Deputy Governor of Osun State
- In office 27 November 2010 – 27 November 2018
- Governor: Rauf Aregbesola
- Preceded by: Olusola Obada
- Succeeded by: Benedict Alabi

Osun State Commissioner for Education
- In office 2010 – November 2018
- Governor: Rauf Aregbesola

Personal details
- Born: 21 December 1948 (age 77) Osogbo, Southern Region, British Nigeria (now in Osun State, Nigeria)
- Party: All Progressives Congress (2013–present)
- Other political affiliations: Action Congress of Nigeria (before 2013)
- Spouse: Michael Ponnle ​(m. 2019)​
- Education: University of Lagos
- Occupation: Politician; Public Administrator;

= Titilayo Laoye-Tomori =

Nigerian politician (born 1948)

Titilayo Laoye-Tomori (born 21 December 1948) is a Nigerian politician, she served as deputy governor of Osun State and commissioner for education from 2010 to 2018.

==Early life and education==
Laoye-Tomori was born in Osogbo, Osun State, to the Amon Oyeyemi Laoye family. She was educated in Owo at St. Catherine Girls Grammar School and at Victory College in Ikare before continuing to the University of Lagos, generally known as UNILAG, where she graduated with a bachelor's degree in history in year 1973. She earned a postgraduate diploma in education in 1978 and a Masters in Public Administration in 1984.

==Career==
After graduating and spending one year in the National Youth Service Corps, she was employed as an education officer at the Federal Ministry of Education in 1974. She worked there for six years before joining the University of Lagos as an assistant registrar. She was the Principal Assistant Registrar by the time she left in 1989. While at the university she also served as a faculty officer, establishment officer and admissions officer.

She went on to work with Coopers & Lybrand International, PFM Consulting Limited, and Industrial and General Insurance Plc. She also started her own consulting company, Quints Management Consultants. She was appointed to the board of International Health Management Services Limited, a health maintenance organization (HMO) as an executive director overseeing finance and administration.

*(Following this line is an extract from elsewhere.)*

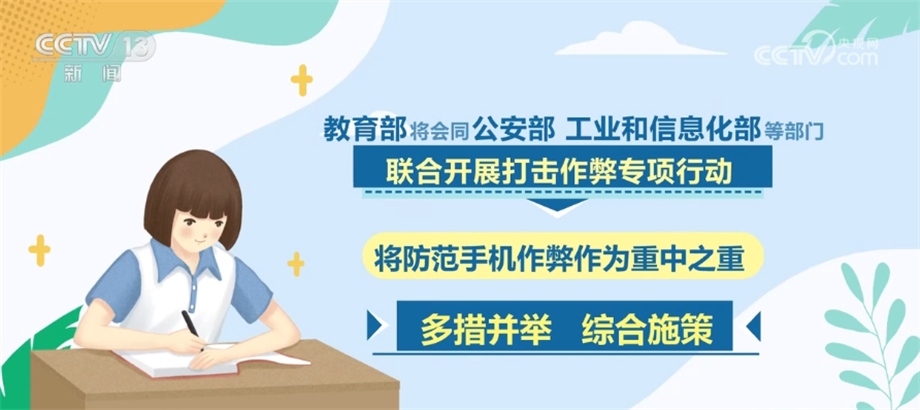 同時,會同公安部、工業(yè)和信息化部等部門聯(lián)合開展打擊作弊專項行動,將防范手機作弊作為重中之重,多措并舉、綜合施策,指導各地強化人防、物防、技防等措施,嚴格入場安檢規(guī)范,強化考場監(jiān)考巡考,嚴厲打擊利用手機等通信設備作弊行為。對于在高考中存在作弊行為的考生和人員,將依法依規(guī)嚴肅處理,堅決維護高考的公平公正。

As part of the Action Congress of Nigeria party, she was a candidate for deputy governor to Ogbeni Rauf Adesoji Aregbesola in 2007. A Court of Appeals judgment put them into office after a three year court case.

==Personal life==
She is married with four children and nine grandchildren. In 2019, at age 70, she married MiCom owner Prince Michael Ponnle, who was 80 years old.